== DATA TO EXAMINE ==
((

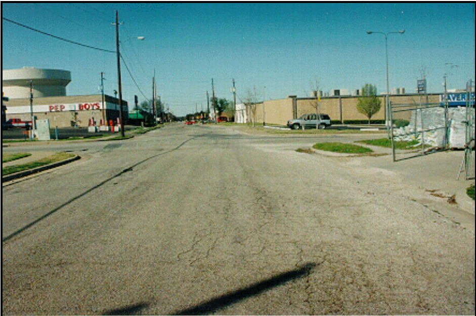
Figure 1: Case vehicle’s northbound approach toward impact within the intersection (case photo #1)
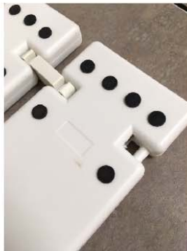
PUSH-IN RUBBER BUMPERS

HARDWARE PACK INCLUDES: (2) 1" DIA. STAINLESS STEEL WASHER (2) 1/4-20-UNC X 2-1/2" PHILLIPS TRUSS HEAD SCREW #3 DRIVE (2) 1/4-20-UNC NYLOCK-NUT (2) #12 X 3" PHILLIPS TRUSS HEAD SHEET METAL SCREW
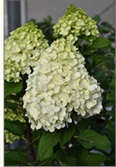
Little Lime Punch Hydrangea flowers

Little Lime Punch Hydrangea is recommended for the following landscape applications;
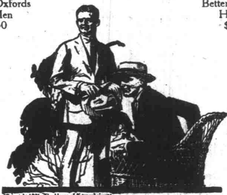
Copyright 1921, The House of Kuppenheimer
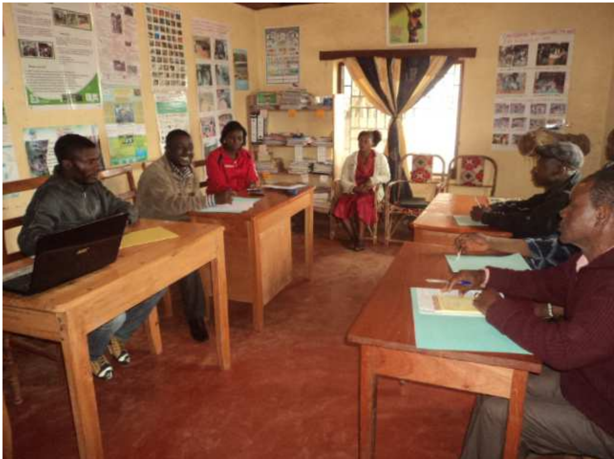
Participants at the local Board of Directors meeting

CAMGEW administration saw the need for CAMGEW-VTC to have a local board of directors that include local stakeholders, CAMGEW-VTC staff representative, CAMGEW administration and the representative of the students. This local board was to help in the functioning of CAMGEW-VTC in discipline of staff and students, raising funds locally, follow-up of the payment of small requested fees from students, lobby local authorities like Fon to get land to build a permanent site of CAMGEW-VTC and participation in the recruitment of CAMGEW staff. CAMGEW decided that the functioning of the Vocational Centre be different from the whole organisation. CAMGEW administration identified 5 key community members, 1 CAMGEW-VTC staff and 1 CAMGEW-VTC student to form the local board. This meeting was held on the 18 th of October 2014 and members were elected into various positions.
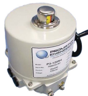
Electric Actuator for Sizes 4" & Larger
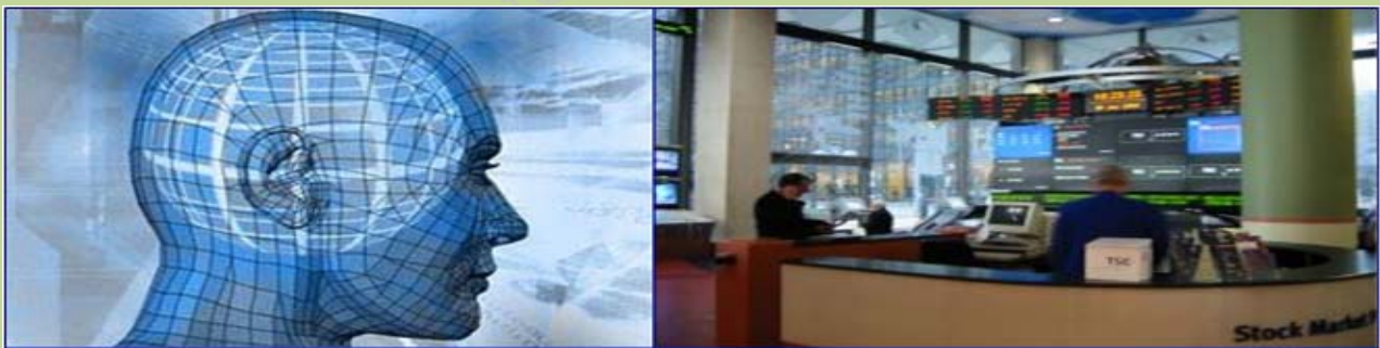
The Knowledge Market

[Wealth Creation & Knowledge Value Innovation in the New Economy]
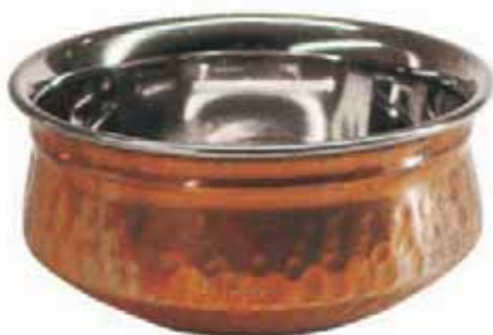
HANDI COPPER BOTTOM
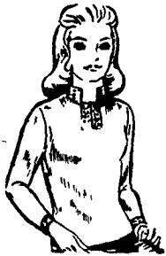
This knitted sweater features the popular Nehru collar. Directions for No. 165 are given in small, medium and large sizes.

Send 50¢ for each dress pattern, 30¢ for each needlework pattern (add 15¢ for each dress pattern, 10¢ for each needlework pattern for mailing and handling) to AUDREY LANE SU REAU, Morris Plains, New Jersey 07950
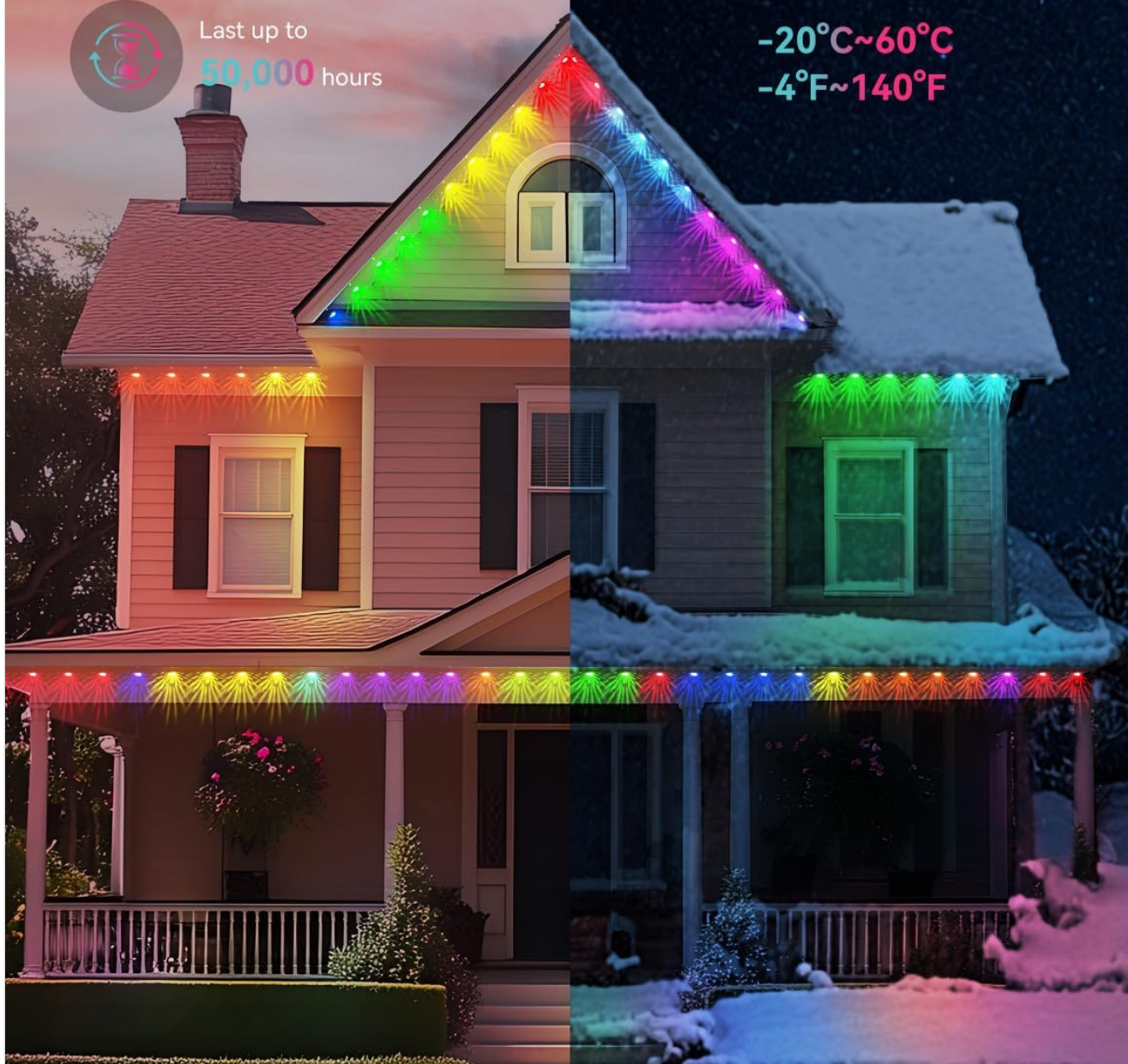
Image: Illustration of the lights' durability, showcasing their performance in both summer and winter conditions.
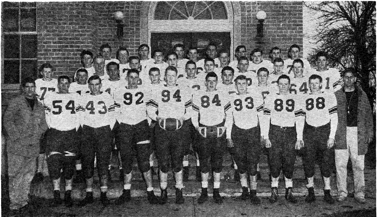
NORTHWEST SCHOOL FOOTBALL TEAM
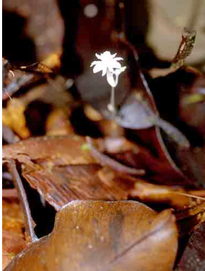
41 Gymnosiphon suaveolens BURMANNIACEAE
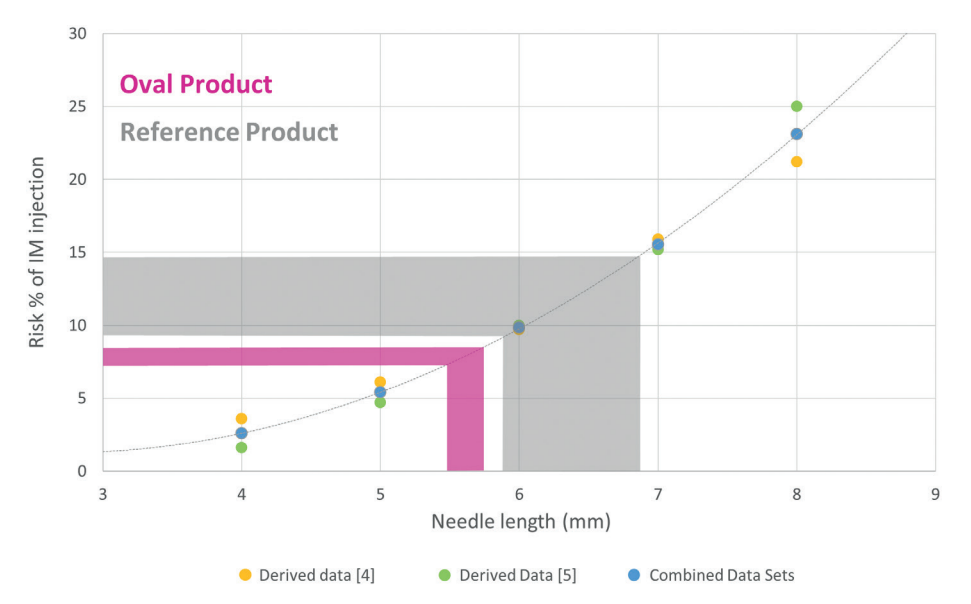
Figure 5: Injection depth versus risk of intramuscular injection at the anterolateral thigh.

full range of features (e.g. automatic needle insertion, end of delivery feedback and passive needle safety), within a simplified and compact form. The subcutaneous auto-injector platform actively decouples the drug delivery requirements from those of the user interface. The use of separate springs for needle insertion and for drug
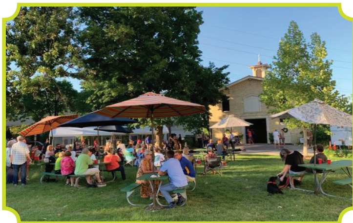
A crowd gathers outside the Tallman Carriage House for food, art, and live music featured at "Artrageous Wednesdays."
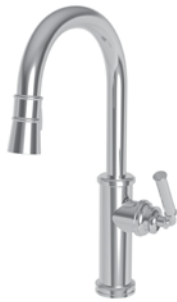
2940-5103 PULL-DOWN KITCHEN FAUCET
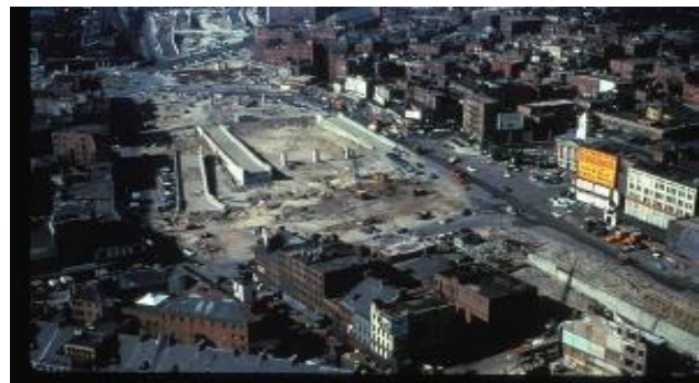
NEPA's focus is projects with significant impacts

Significance is defined for NEPA under 40 CFR § 1502.3 . The level of significance of an impact is determined by the context and intensity of an impact. Context relates to impacts in their setting and intensity relates to the severity of impacts. For example, the difference between three acres of wetlands impact in the arid Southwest as opposed to three acres of wetland impact in the Northeastern United States. Or a project with three acres of wetlands lost on a small-scale project vs. a large-scale project.
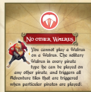
Adventures in play

Each player receives 8 cards. They make up his Hand.
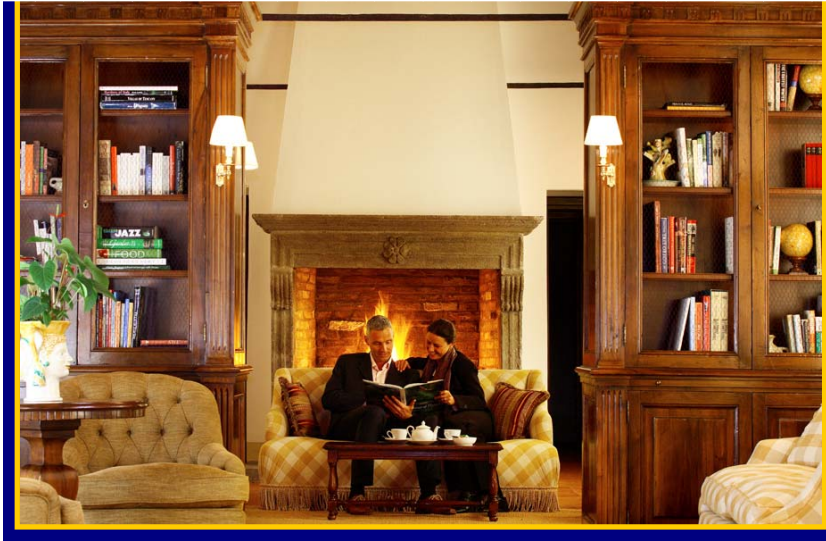
Reading Room at Castello Banfi - il Borgo
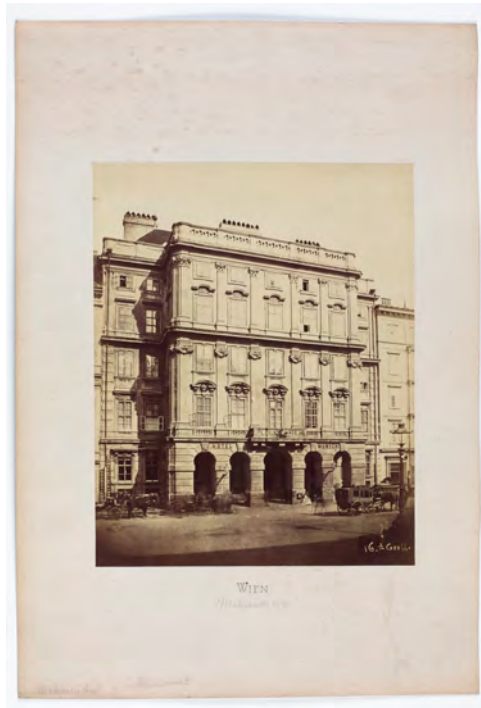
Fig. 10: Hotel Munsch, Vienna, Neuer Markt 5, Andreas Groll, after 1866, albumen print, 28.4 × 22.3 cm (photo), 47.3 × 32.3 cm (cardboard), Institute of Art History, Czech Academy of Sciences, collection of photographs, inv. no. 697, photo: Jitka Walterová / Institute of Art History, Czech Academy of Sciences.

that the print once used to be part of another coherent pictorial series. Its fragments can actually be found in other parts of the IAH photographic collection, mostly among prints categorized as “Viennese views.” They all have the same layout (see Fig. 10)—the same typography, same ink, a similar quality of print, and are made of the same material, as well as the width of the supporting layer being the same.
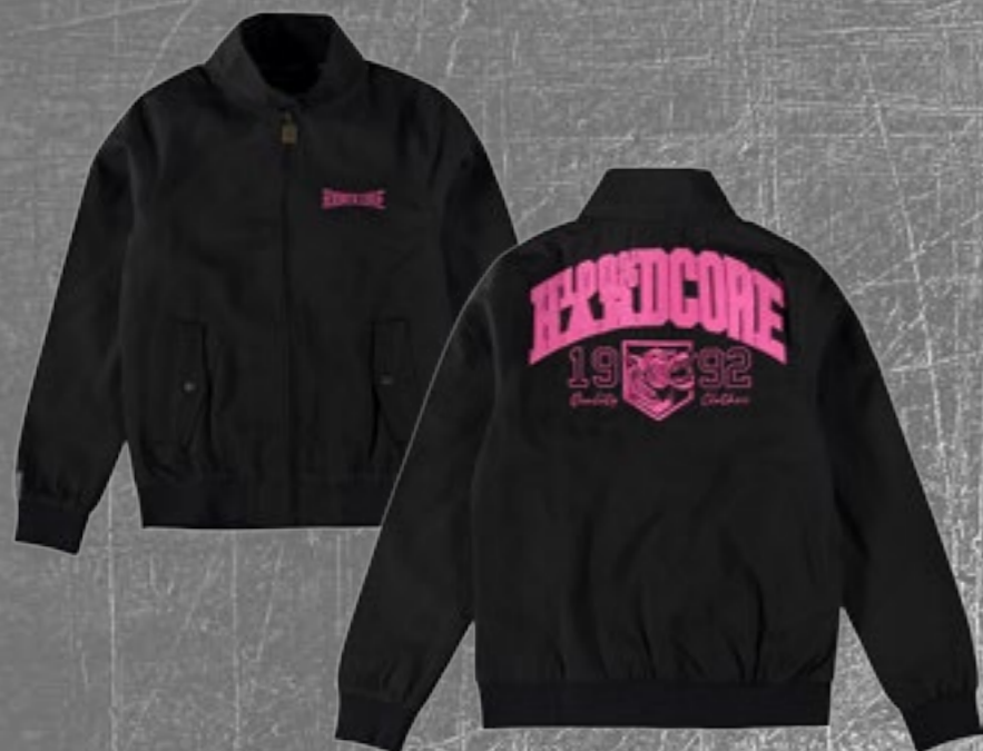
HARRINGTON JACKET ART.NR.: 358-012-050 SIZE: XS-S-M-L-XL
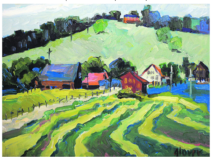
Pam Glover, Town on Hill Images provided
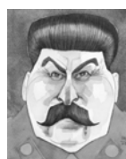
Napoleon is Stalin.

In November 1917 the King of Russia was killed. His family was also killed. Mr Jones is chased away from Manor Farm. In 1921, Russia changed its name to the Soviet Union. The animals changed the name of Manor Farm to Animal Farm.

))

== AIM OF THE EXERCISE ==
Your answer must consist of every line in the listing that contains "collection".

== TASK RESPONSE ==
Fig. 10: Hotel Munsch, Vienna, Neuer Markt 5, Andreas Groll, after 1866, albumen print, 28.4 × 22.3 cm (photo), 47.3 × 32.3 cm (cardboard), Institute of Art History, Czech Academy of Sciences, collection of photographs, inv. no. 697, photo: Jitka Walterová / Institute of Art History, Czech Academy of Sciences.
that the print once used to be part of another coherent pictorial series. Its fragments can actually be found in other parts of the IAH photographic collection, mostly among prints categorized as “Viennese views.” They all have the same layout (see Fig. 10)—the same typography, same ink, a similar quality of print, and are made of the same material, as well as the width of the supporting layer being the same.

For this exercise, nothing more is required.